CleanRoomsML / Client / create_training_dataset

create_training_dataset¶

CleanRoomsML.Client.create_training_dataset(**kwargs)¶

Defines the information necessary to create a training dataset. In Clean Rooms ML, the TrainingDataset is metadata that points to a Glue table, which is read only during AudienceModel creation.

Request Syntax

response = client.create_training_dataset(
    name='string',
    roleArn='string',
    trainingData=[
        {
            'type': 'INTERACTIONS',
            'inputConfig': {
                'schema': [
                    {
                        'columnName': 'string',
                        'columnTypes': [
                            'USER_ID'|'ITEM_ID'|'TIMESTAMP'|'CATEGORICAL_FEATURE'|'NUMERICAL_FEATURE',
                        ]
                    },
                ],
                'dataSource': {
                    'glueDataSource': {
                        'tableName': 'string',
                        'databaseName': 'string',
                        'catalogId': 'string'
                    }
                }
            }
        },
    ],
    tags={
        'string': 'string'
    },
    description='string'
)

Parameters:

name (string) –
[REQUIRED]

The name of the training dataset. This name must be unique in your account and region.
roleArn (string) –
[REQUIRED]

The ARN of the IAM role that Clean Rooms ML can assume to read the data referred to in the dataSource field of each dataset.
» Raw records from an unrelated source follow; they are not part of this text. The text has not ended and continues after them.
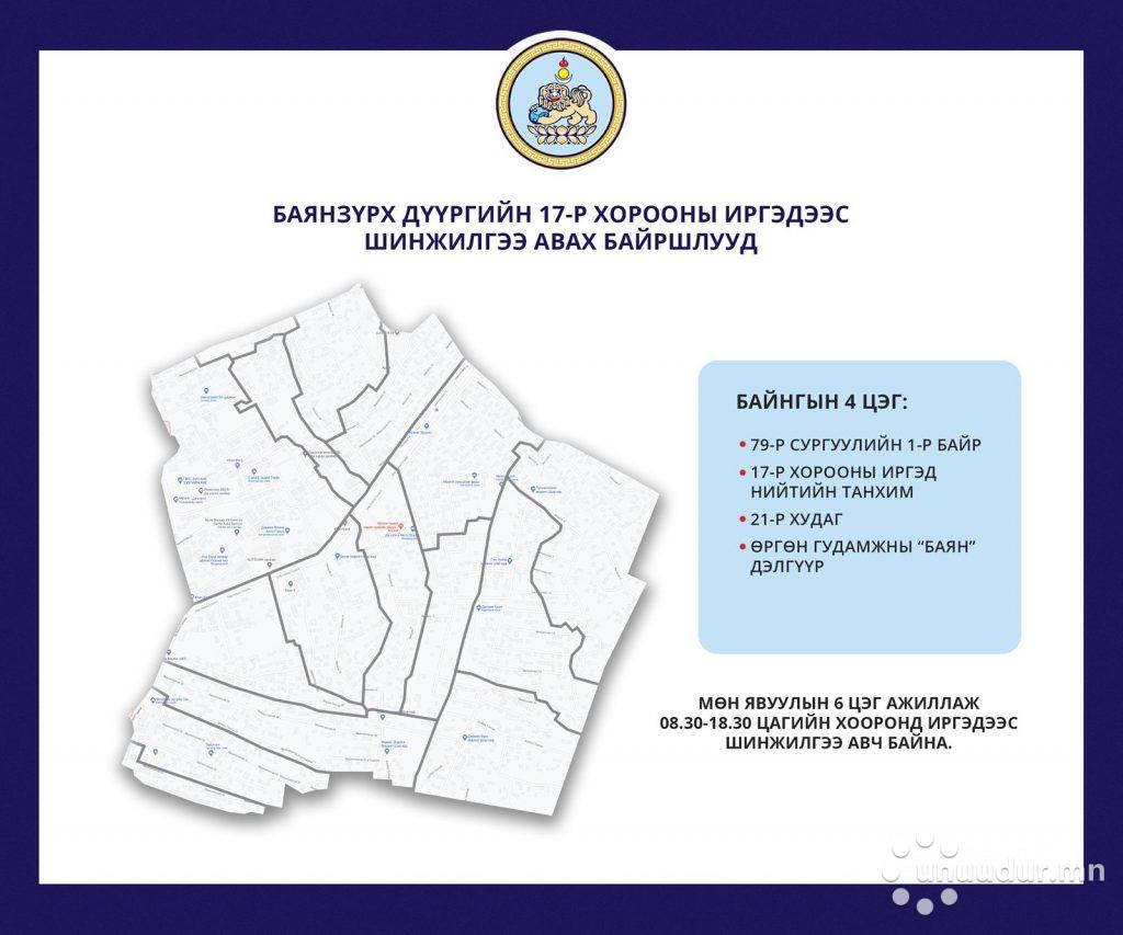 Баянзүрх дүүргийн 17 дугаар хороонд “КОВИД 19” халдварын тохиолдол батлагдаж, голомтлон тархаж болзошгүй нөхцөл байдал үүссэн тул 2021 оны 01 дүгээр сарын 14-ны 06.00 цагаас 2021 оны 01 дүгээр 16-ны 23.00 цаг хүртэл хязгаарлалтын дэглэмд шилжүүлж, иргэдийг шинжилгээнд хамруулах ажлыг зохион байгуулахаар боллоо.
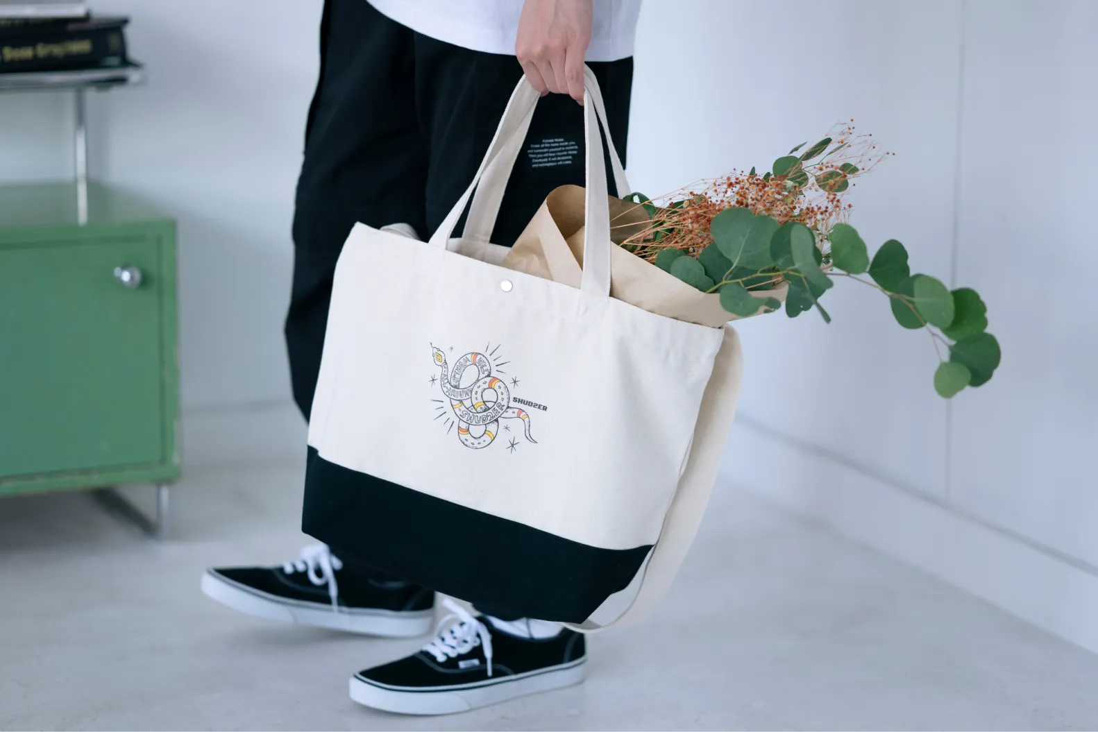 持ち手が2wayになっているので手持ち、肩がけが可能なので荷物の内容や、その日のスタイリングによって雰囲気を変えられるので色々楽しめます。 プリントは横長に入れることができるのでブランドの文字などもバッチリ。
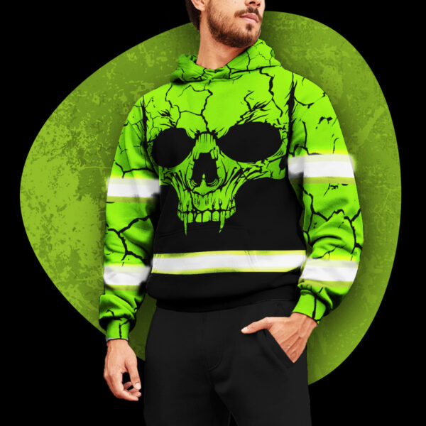 Hi Vis Hoodie Reflective Tapes Green Neon Crack Skull Custom Name Safety quantity
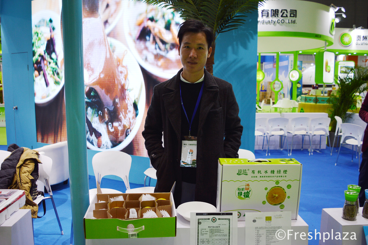 Hainan Houli Green Agricultural Products Company with their organic green sugar orange. 海南厚利绿色农产品有限公司与他们的有机冰糖绿橙
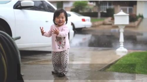 Девојчето се вика Kayden. Таа за прв пат изглегува на дожд, пресреќна е, блика од радост и ќе го стопи сечие срце. Прекрасен потсетник за сите нас, за тоа дека најголемата среќа ни е на дофат во секој миг. Само треба да ја препознаеме.

Passing a role across AWS accounts is not allowed. If you pass a role that isn’t in your account, you get an AccessDeniedException error.
trainingData (list) –
[REQUIRED]

An array of information that lists the Dataset objects, which specifies the dataset type and details on its location and schema. You must provide a role that has read access to these tables.
- (dict) –
  
  Defines where the training dataset is located, what type of data it contains, and how to access the data.
  - type (string) – [REQUIRED]
    
    What type of information is found in the dataset.
  - inputConfig (dict) – [REQUIRED]
    
    A DatasetInputConfig object that defines the data source and schema mapping.
    - schema (list) – [REQUIRED]
      
      The schema information for the training data.
      - (dict) –
        
        Metadata for a column.
        
        columnName (string) – [REQUIRED]
        
        The name of a column.
        
        columnTypes (list) – [REQUIRED]
        
        The data type of column.
        
        (string) –
    - dataSource (dict) – [REQUIRED]
      
      A DataSource object that specifies the Glue data source for the training data.
      - glueDataSource (dict) – [REQUIRED]
        
        A GlueDataSource object that defines the catalog ID, database name, and table name for the training data.
        
        tableName (string) – [REQUIRED]
        
        The Glue table that contains the training data.
        
        databaseName (string) – [REQUIRED]
        
        The Glue database that contains the training data.
        
        catalogId (string) –
        
        The Glue catalog that contains the training data.
tags (dict) –
The optional metadata that you apply to the resource to help you categorize and organize them. Each tag consists of a key and an optional value, both of which you define.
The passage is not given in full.